The following topics are not essential for two-way communication, but provide additional functions which can make the application more solid.

Heartbeat

The heartbeat event is used for connection management. If the request parameter heartbeat is in number format, the socket object in the client side continuously sends this event each specified time so the server should proceed according to the following instructions:

  • Prevent a connection from timing out if the value is number.
  • Set a heartbeat timer that closes the connection after the heartbeat interval.
  • When the client sends a heartbeat event, reset the timer and send back the event. If the server can't respond in 5000ms, the socket object in the client side will regard that the server dies and fire the close event.

Reply

This function uses the reply event. When the server deals with client-sent event if the value of the reply property of event object is true, the server should send a reply event to inform the client of acknowledgement of receipt. The server can respond lazily and can attach a result of handling event. The reply event's data should contain a id property whose value is client-sent event's id and can contain a data property whose value is a result of handling client-sent event. Then, the corresponding callback in the client-side will be executed with the result data.

Requesting the reply

The server, in common with the socket object in the client-side, can request a reply to the socket object.
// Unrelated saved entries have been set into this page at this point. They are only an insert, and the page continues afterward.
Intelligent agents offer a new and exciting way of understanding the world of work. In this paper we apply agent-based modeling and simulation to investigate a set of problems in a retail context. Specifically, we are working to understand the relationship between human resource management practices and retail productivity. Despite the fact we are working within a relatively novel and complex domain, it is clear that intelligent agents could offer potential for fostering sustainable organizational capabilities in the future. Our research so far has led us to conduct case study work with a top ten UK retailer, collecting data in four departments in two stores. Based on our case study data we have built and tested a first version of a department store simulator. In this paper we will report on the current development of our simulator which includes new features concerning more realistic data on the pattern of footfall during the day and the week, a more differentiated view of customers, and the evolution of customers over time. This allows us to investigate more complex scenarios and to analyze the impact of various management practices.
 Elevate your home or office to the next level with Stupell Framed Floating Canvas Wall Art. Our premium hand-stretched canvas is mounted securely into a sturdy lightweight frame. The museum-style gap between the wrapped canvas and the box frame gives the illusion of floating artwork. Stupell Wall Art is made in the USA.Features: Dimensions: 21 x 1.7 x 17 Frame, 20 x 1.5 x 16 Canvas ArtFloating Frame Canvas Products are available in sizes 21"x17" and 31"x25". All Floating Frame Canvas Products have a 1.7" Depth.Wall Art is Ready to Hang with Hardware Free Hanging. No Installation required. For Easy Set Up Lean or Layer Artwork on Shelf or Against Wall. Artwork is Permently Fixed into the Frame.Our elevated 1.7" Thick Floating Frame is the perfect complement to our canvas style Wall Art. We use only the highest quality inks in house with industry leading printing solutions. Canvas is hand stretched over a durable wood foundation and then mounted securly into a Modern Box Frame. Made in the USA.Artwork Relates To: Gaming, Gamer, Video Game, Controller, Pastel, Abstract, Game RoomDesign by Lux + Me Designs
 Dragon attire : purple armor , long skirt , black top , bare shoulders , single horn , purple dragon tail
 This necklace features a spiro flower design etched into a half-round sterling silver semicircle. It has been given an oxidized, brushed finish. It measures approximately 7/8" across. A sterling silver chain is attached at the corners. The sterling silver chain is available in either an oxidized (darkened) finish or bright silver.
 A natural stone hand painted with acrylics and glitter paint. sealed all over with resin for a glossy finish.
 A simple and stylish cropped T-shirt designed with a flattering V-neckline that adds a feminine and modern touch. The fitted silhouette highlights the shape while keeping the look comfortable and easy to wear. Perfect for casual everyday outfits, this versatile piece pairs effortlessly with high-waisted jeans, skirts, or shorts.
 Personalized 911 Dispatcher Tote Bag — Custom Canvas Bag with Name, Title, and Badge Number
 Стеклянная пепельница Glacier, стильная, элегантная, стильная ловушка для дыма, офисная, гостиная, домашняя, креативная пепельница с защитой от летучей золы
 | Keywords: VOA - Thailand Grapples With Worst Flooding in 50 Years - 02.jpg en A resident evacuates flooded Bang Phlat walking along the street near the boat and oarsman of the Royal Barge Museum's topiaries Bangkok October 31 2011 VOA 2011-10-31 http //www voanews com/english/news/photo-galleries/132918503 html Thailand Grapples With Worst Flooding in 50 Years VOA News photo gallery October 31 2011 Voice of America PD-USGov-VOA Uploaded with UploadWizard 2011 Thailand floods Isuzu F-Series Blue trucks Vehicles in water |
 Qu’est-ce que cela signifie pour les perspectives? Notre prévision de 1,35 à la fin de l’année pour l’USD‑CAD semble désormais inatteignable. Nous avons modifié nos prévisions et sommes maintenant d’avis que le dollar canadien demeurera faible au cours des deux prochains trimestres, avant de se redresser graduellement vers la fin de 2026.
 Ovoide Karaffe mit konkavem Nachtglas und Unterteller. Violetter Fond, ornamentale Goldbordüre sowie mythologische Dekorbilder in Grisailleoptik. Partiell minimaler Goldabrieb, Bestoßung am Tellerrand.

  • Increment an event id, every time the server sends an event.
  • Set a reply property of an event object to true if the callback is not null.
  • Client sent reply event is the same with what the server creates. When the client sends a reply event, execute the corresponding callback with proper value.

Supporting credentials in the cross-origin connection

For the server to access user credentials such as cookies in the cross-origin connection, the server should set the Access-Control-Allow-Origin response header to the value of the Origin request header and the Access-Control-Allow-Credentials response header to true when handling GET and POST request. In this case, the * cannot be used as the value of the Access-Control-Allow-Origin header.

@WebServlet(urlPatterns = "/chat", asyncSupported = true)
public class ChatServlet extends HttpServlet {

    // Handles a GET request
    protected void doGet(HttpServletRequest request, HttpServletResponse response)
            throws ServletException, IOException {
        response.setHeader("Access-Control-Allow-Origin", request.getHeader("Origin"));
        response.setHeader("Access-Control-Allow-Credentials", "true");
        // ...
    }
    
    // Handles a POST request
    protected void doPost(HttpServletRequest request, HttpServletResponse response)
            throws ServletException, IOException {
        response.setHeader("Access-Control-Allow-Origin", request.getHeader("Origin"));
        response.setHeader("Access-Control-Allow-Credentials", "true");
        // ...
    }

    // ...

}

This is possible only if the credentials option is true and the browser supports the Cross-Origin Resource Sharing specificiation.